Introduction

Squamous cell carcinoma is the most common form of malignancy of the lip and oral cavity, and is often preceded by oral potentially malignant disorders (OPMD) [1]. Early diagnosis of oral cancer can improve survival rates, and the presence of an OPMD provides opportunities to identify patients who have an increased risk of oral cancer [2]. Conventional clinical oral examination (COE) is recommended to detect cancer and OPMDS in the oral cavity [3]. A Cochrane review analysing 10 studies confirmed that the COE showed very high specificity (98%) and was deemed to be better at correctly classifying the absence of OPMDs or oral cavity cancer in disease-free individuals than classifying the presence of disease [4]. Oral lesions detected by COE need a scalpel biopsy—the current diagnostic standard—the test is painful for patients and involves a delay in order to process the tissue and render a histologic diagnosis.

Optical diagnostic tests are available that are less invasive, and some can provide immediate results. The non-invasive optical diagnostic systems applied as adjuncts to COE include tissue auto-fluorescence imaging (VELscope) [5], tissue reflectance (ViziLite) [6], optical biopsy (narrow band imaging (NBI)) [7], micro-Raman spectroscopy [8], optical coherence microscopy (OCM) [9] and optical coherence tomography (OCT) [10].

Optical coherence tomography (OCT) was first developed by Fujimoto et al. in 1991 [11, 12]. It is a non-invasive and non-radioactive adjunct diagnostic tool based on interferometers [12]. OCT and ultrasound share the same concept [13], both being capable of providing real-time cross-sectional sub-surface tissue images. The difference is that OCT uses broadband light, while ultrasound uses sound waves [11, 14]. Besides, modern OCT systems outweigh ultrasound by having around 10 times higher axial resolution [15]. Moreover, OCT uses a low-coherence broadband near-infrared light source, so it gets an excellent spatial resolution (~ 20 μm) and real-time images [12, 16].

The use of OCT for diagnosing oral premalignancy and malignancy in human subjects is reported in the literature [17]. A research group in London has investigated ways of measuring the epithelial morphology of oral biopsies (in vivo) using OCT [18,19,20]. The objective of this study was to examine the ability of OCT to differentiate ex vivo epithelial structure of benign, dysplastic, and oral cancer biopsies. As a secondary objective, we examined the inter- and intra-observer variation of OCT measurements of the two calibrated assessors.

Materials and methods

Prior to this investigation, two assessors (an oral pathologist and an oral surgeon) were trained and calibrated using a training set of OCT images and light microscopic images of normal (obtained from the margins of SCC lesions) and different pathological conditions (n = 20) to enhance their knowledge in the field of OCT image interpretation. Both assessors were required to comment on five variables of the OCT images [18, 19], which included changes in the keratin layer (KL; increased or decreased or no change in thickness), changes in the epithelial layer (EP; increased or decreased or no change in thickness), changes in the lamina propria (LP; homogenous or non-homogenous), basement membrane identification (BMI; complete, partial or breached) and the degree of reflection of the epithelial layer (EP Re; normal reflection or hyper-reflective). Normal mucosa adjacent to the disease area was used as a standard reference.

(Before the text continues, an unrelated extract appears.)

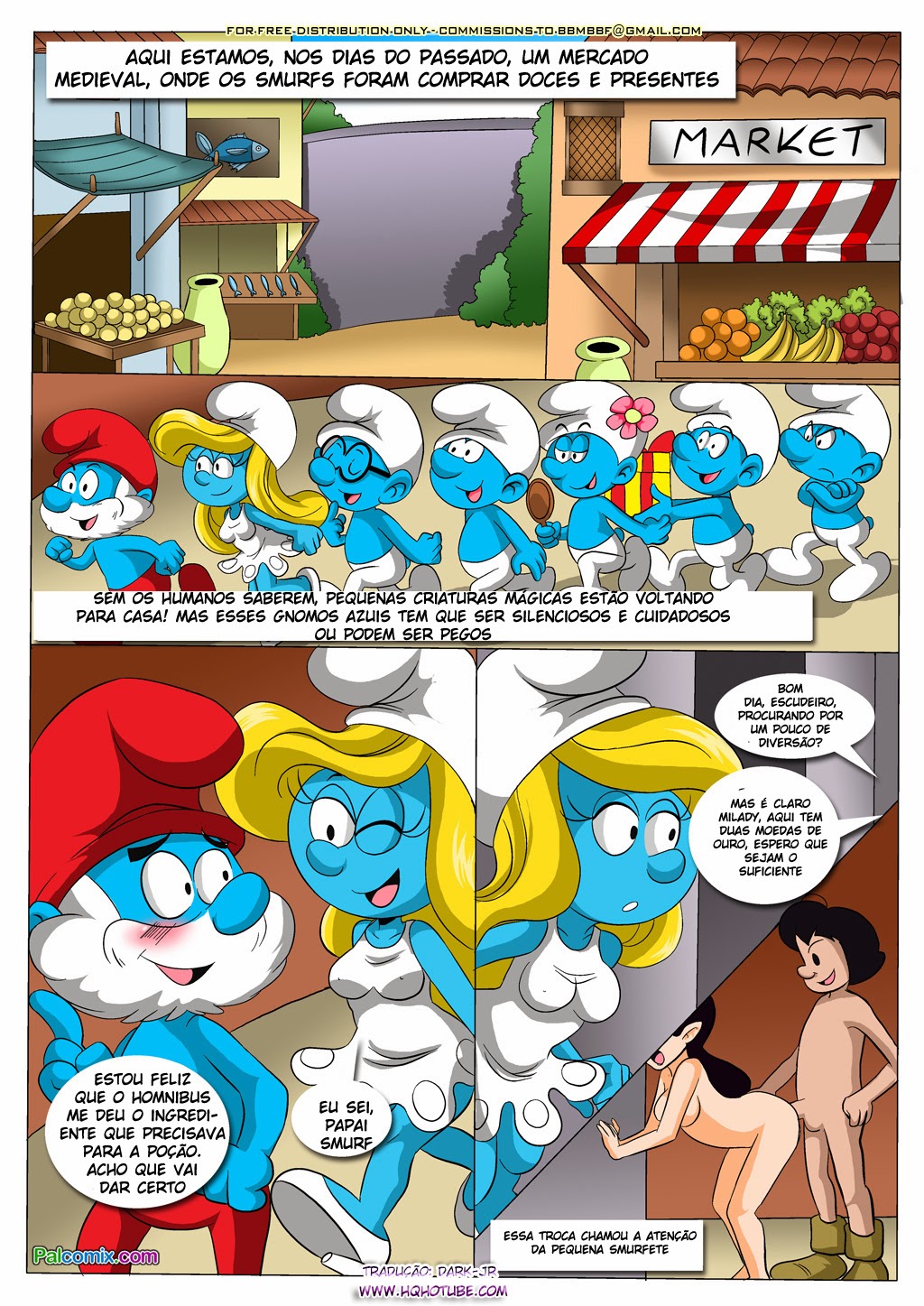 Smurfette transando com todo mundo na Aldeia dos Smurfs

Forty-four patients attending an oral surgery clinic with various oral mucosal disorders (Table 1) were included in this study. Based on the planned management, 18 needed excision, and 34 required incisional biopsies for pathology diagnoses. Following consenting, the size of each lesion was measured using a ruler; the biopsy site was marked out with a disposable surgical marker to include normal mucosa together with the lesion (Fig. 1a). Each biopsy specimen therefore had some amount of normal tissue at its edges. Intra-oral photographs of these oral lesions with their markings were documented, and the edges of the biopsy samples were sutured and taped to microscopic slides. These slides were photographed to record the orientation and to ensure an accurate co-registration (Fig. 1b) and were transferred in normal saline to the laboratory within an hour. In the laboratory, the specimens were blotted with tissue, and a line was drawn across the long axis of the specimen using a disposable surgical marker to ensure that the pathologist grossed the specimens in the same plane as used for OCT scanning (Fig. 1c and d). Immediately after scanning with OCT, the specimens were fixed in 10% buffered formalin and sent for histopathological diagnosis. The pathology diagnoses given by the reporting pathologist were used to group the biopsies to 3 categories—squamous cell carcinoma, epithelial dysplasia or benign disorders.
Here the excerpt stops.